Finance Act 2015 Changes

Disposals of UK residential property by non-UK residents

New section 14B of TCGA 1992 introduced a charge to CGT for non-UK residents (individuals, trustees and personal representatives) on the disposal of any UK residential property. 

Individuals will benefit from the annual exemption and from main residence relief only in certain cases:

Determination of main residence

For disposals made on or after 6 April 2015, an individual’s dwelling-house (or grounds) will not be eligible for main residence relief for a tax year unless

a) the individual making the disposal was resident for tax purposes in the same country as the dwelling-house for the tax year (or for a partial tax year) or

b) the individual spent at least 90 midnights in that dwelling-house or another qualifying house (“the day count test”) (ss. 222A – 222B). 

The day count test is generous in that the 90-days required do not need to be consecutive; any days spent by the individual’s spouse or civil partner count towards the total (double counting excluding) and any days spent in different qualifying houses (i.e. owned by the individual or spouse/ civil partner) within the same country may be aggregated.

Amount of relief and period of ownership

When calculating the amount of main residence relief due to an individual, section 223(7) of TCGA 1992 provided that the period of ownership did not include any period before the rebasing date. Changes to 223(7) and the insertion of new 223(7A) and (7B), mean that where a capital gain (or part thereof) on the disposal of a main residence is a non-resident CGT disposal (“NRCGT”), the “period of ownership” does not include any period before 6 April 2015 (unless the individual makes an election to apportion).

Any chargeable gain will be on the growth from 6 April 2015 and, therefore, there are two possible bases for computing relief: the first is by rebasing at 6 April 2015 and the second by an express election by the individual to apportion.

Elections

According to section 222(6A) of TCGA 1992, if an individual occupies two or more residences for a period and has made an election for one of them to be treated as his main residence, that election is not disturbed just because during the same period another of his residences is treated as not being occupied as a residence by virtue of the restrictions for NRCGT.

Similiarly, if an individual wishes, he may nominate which of two or more residences (of which one is the NRCGT residence) was his main residence for any period within his period of ownership of the NRCGT residence (section 222A(2), (3)).

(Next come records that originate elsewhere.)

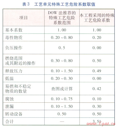 (11)本工藝單元的特殊工藝危險系數(shù)取值見表3。特殊工藝危險系數(shù)F2等于表3中采用的所有危險系數(shù)之和,計算得F2=3.51。
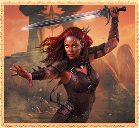 Её внешность слепит сильнее блеска волн в лучах полуденного Мирроу. Но человеческим глазам долго любоваться ей не придётся – абордажная сабля этой воительницы разит ещё надёжней, чем красота.
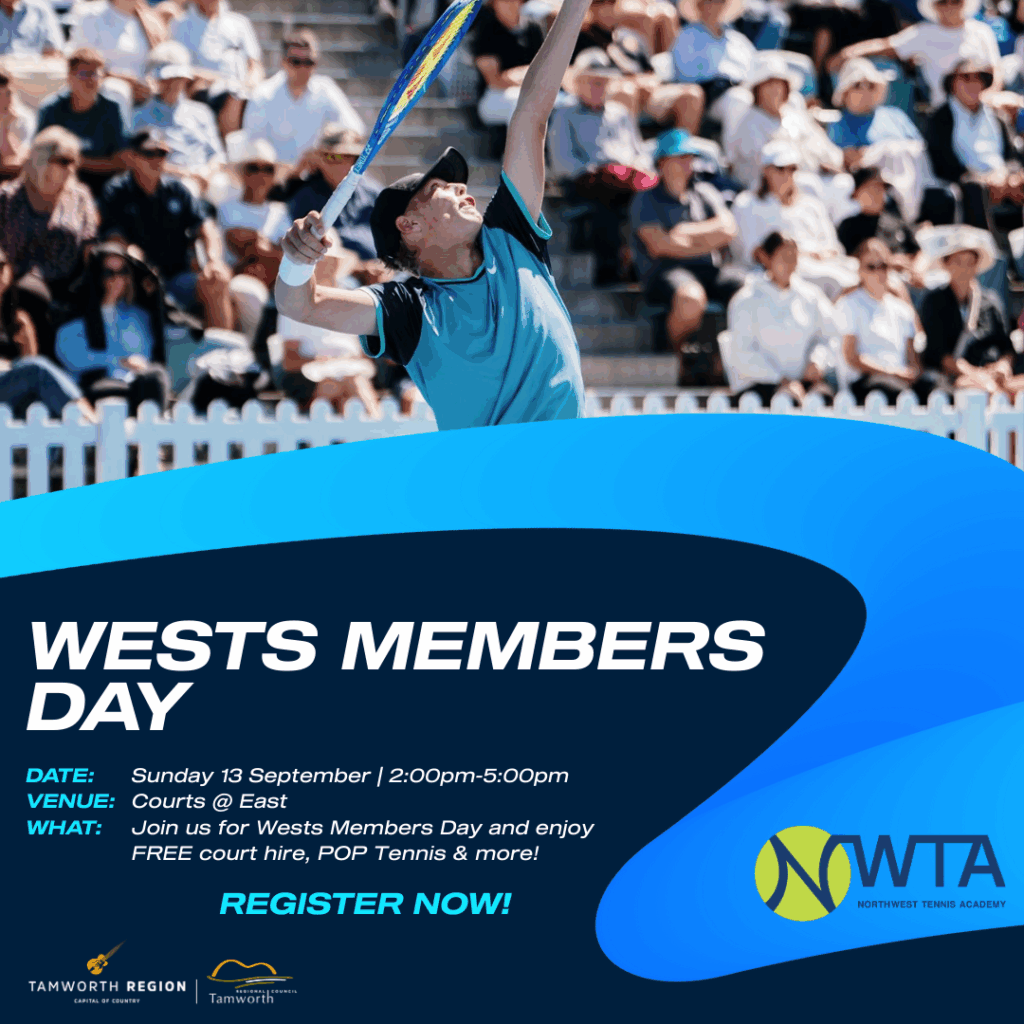 Mark your calendars for Sunday 13 September from 2pm to 5pm and join us at Courts @ East for an afternoon of tennis fun! Wests Members Day is the perfect chance to enjoy FREE court hire, POP Tennis and more, with something for players of all ages and skill levels. Donโ€™t miss this great community event โ€“ register now and get ready for a fantastic day on court with Northwest Tennis Academy!
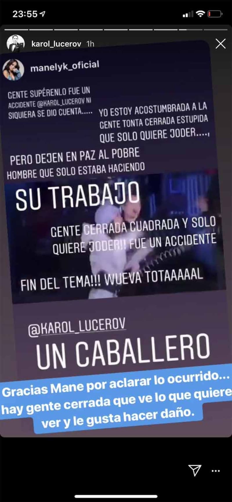 "Gente cerrada, cuadrada y solo quieren joder, fue un accidente. Fin de tema!!! @karol_lucero un caballero", cerró su posteo.
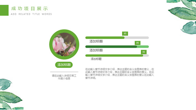 清新淡雅叶子绿植PPT模板
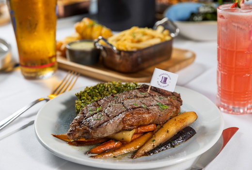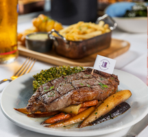 As you bask in the glow of this convivial hub, slice into the Pork Chop Milanese (panko crusted, braised red cabbage, mustard veloute), or divine over the Fish & Chips (beer battered with traditional accompaniments). It all wraps up with some Molten Chocolate Cake adjacent velvety vanilla ice cream.
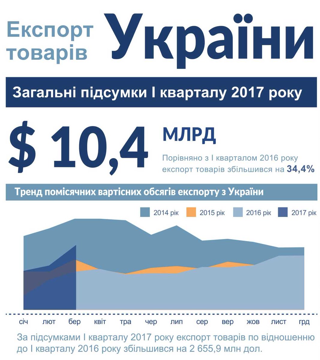 У І кварталі 2017 експорт товарів збільшився на 34,4% у порівнянні з І кварталом 2016. http://bit.ly/2roizEa .
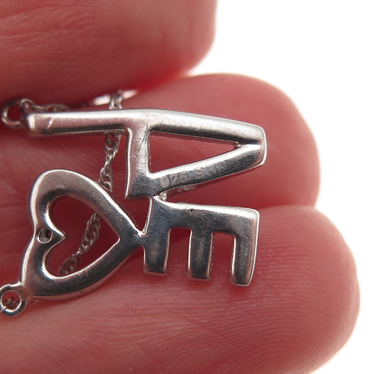 Sun 925 Sterling Silver Italy Real Diamond Accent Love Cable Chain Necklace 18"

A notice of election may vary any notice previously given to elect another residence within the individual’s ownership period.

When an individual makes a disposal whilst non-UK resident, any main residence election must be made in the non-UK resident pages of a self-assessment tax return. Such an election is irrevocable and cannot vary a previous election made on a residence that has already been disposed of, in other words, the provisions do not have retroactive effect (section 222A(5), (6)). If the election affects an interest held by a spouse or civil partner, the election must be made by both parties either in the same election notice or by written notification agreeing to the terms of the notice (section 222A(7)).

Finally, a taxpayer subject to the NRCGT charge must report and pay within 30 days of the UK residence disposal unless they already file a UK tax return (in which case payment is to be made when the NRCGT return is submitted or deferred until the normal payment date).